### DATASET CONTENT
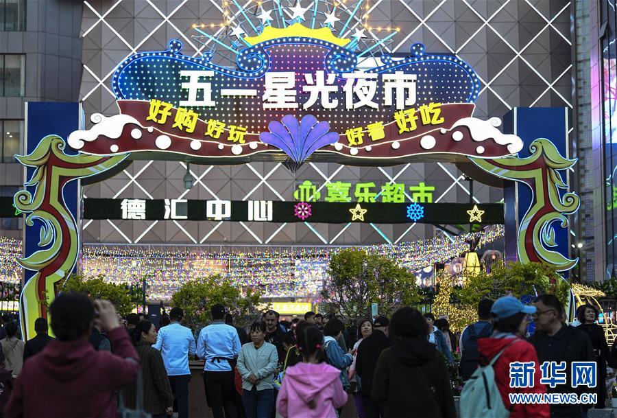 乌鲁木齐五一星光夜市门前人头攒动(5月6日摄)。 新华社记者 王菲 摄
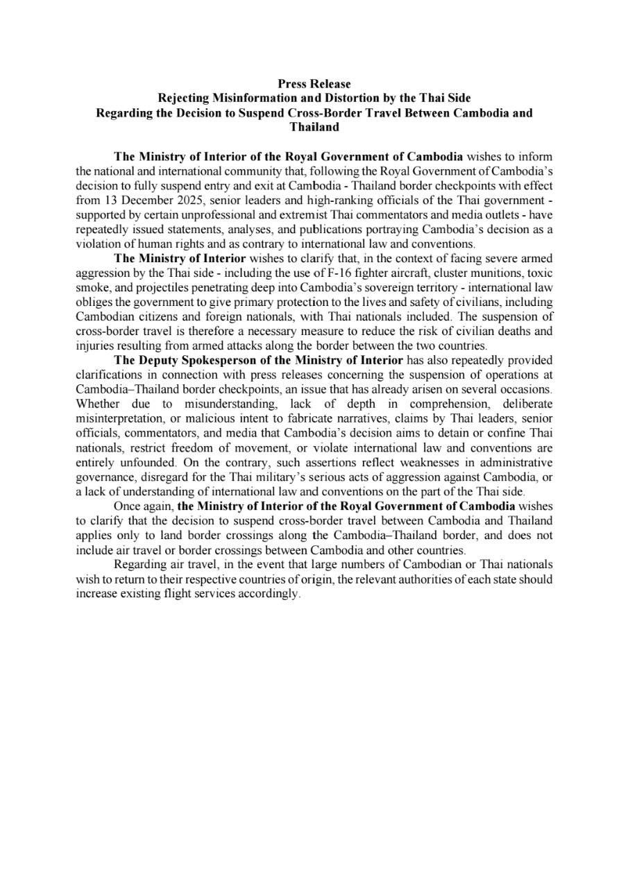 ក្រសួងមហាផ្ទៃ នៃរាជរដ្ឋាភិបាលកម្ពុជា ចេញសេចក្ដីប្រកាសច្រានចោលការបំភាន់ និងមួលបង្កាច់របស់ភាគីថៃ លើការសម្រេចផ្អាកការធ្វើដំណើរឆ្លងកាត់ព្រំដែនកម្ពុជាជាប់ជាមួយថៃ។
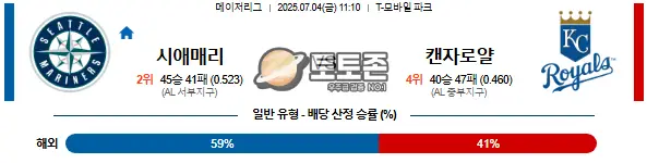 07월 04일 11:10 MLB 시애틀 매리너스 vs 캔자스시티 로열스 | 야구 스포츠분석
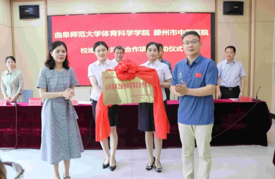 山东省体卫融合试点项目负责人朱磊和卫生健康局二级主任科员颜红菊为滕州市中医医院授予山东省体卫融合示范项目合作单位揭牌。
######
Apart from the pictures, every line above must be printed exactly.

**RESPONSE FOR THIS EXERCISE**
 乌鲁木齐五一星光夜市门前人头攒动(5月6日摄)。 新华社记者 王菲 摄
 ក្រសួងមហាផ្ទៃ នៃរាជរដ្ឋាភិបាលកម្ពុជា ចេញសេចក្ដីប្រកាសច្រានចោលការបំភាន់ និងមួលបង្កាច់របស់ភាគីថៃ លើការសម្រេចផ្អាកការធ្វើដំណើរឆ្លងកាត់ព្រំដែនកម្ពុជាជាប់ជាមួយថៃ។
 07월 04일 11:10 MLB 시애틀 매리너스 vs 캔자스시티 로열스 | 야구 스포츠분석
 山东省体卫融合试点项目负责人朱磊和卫生健康局二级主任科员颜红菊为滕州市中医医院授予山东省体卫融合示范项目合作单位揭牌。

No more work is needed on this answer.